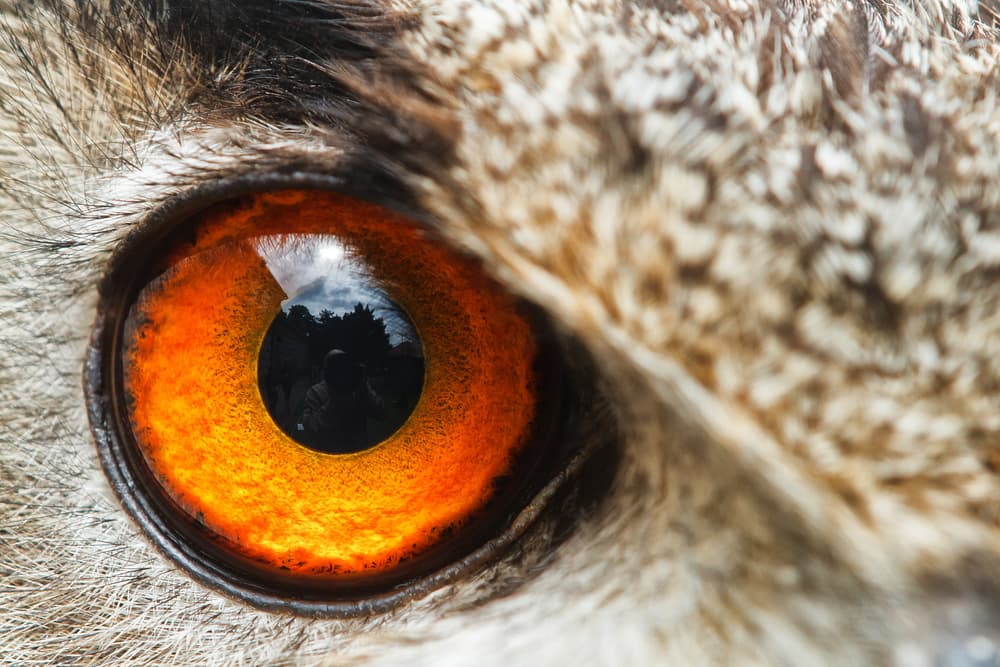 Los búhos tienen una visión binocular y su campo de visión es muy amplio. Incluso sin girar la cabeza puede ver de 70 a 110 grados.
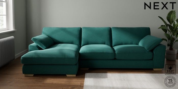 7.3.1 Buy Stamford Grand Relaxed Sit Large Sofa Chaise - Left Hand Fine Chenille Easy Clean Dark Juniper Green Large Square Angle - Light from the Seasons online shop Click here to use our website with more accessibility support, for example screen readers
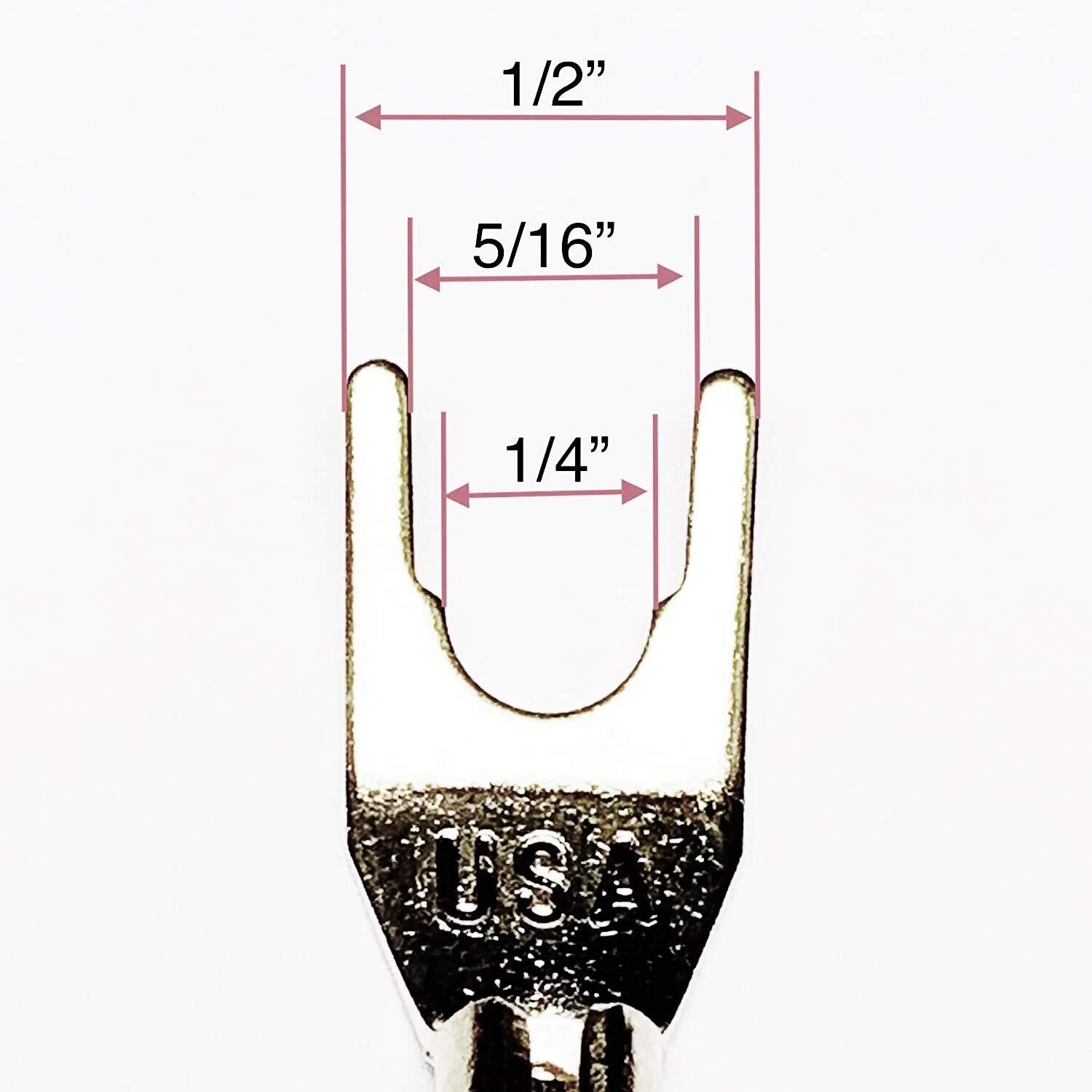 スペードオープンサイズ:1/4インチ〜5/16インチ。 スペードフォークの幅は、外側が1/2インチ、内側が1/4インチです。
==================================================
--- WHAT YOU WILL DO ---
Extract, word for word, every line from the one containing "7.3.1 Buy Stamford" to the end of the data above, both ends included, and leave out the pictures.

--- SOLVED EXERCISE ---
 7.3.1 Buy Stamford Grand Relaxed Sit Large Sofa Chaise - Left Hand Fine Chenille Easy Clean Dark Juniper Green Large Square Angle - Light from the Seasons online shop Click here to use our website with more accessibility support, for example screen readers
 スペードオープンサイズ:1/4インチ〜5/16インチ。 スペードフォークの幅は、外側が1/2インチ、内側が1/4インチです。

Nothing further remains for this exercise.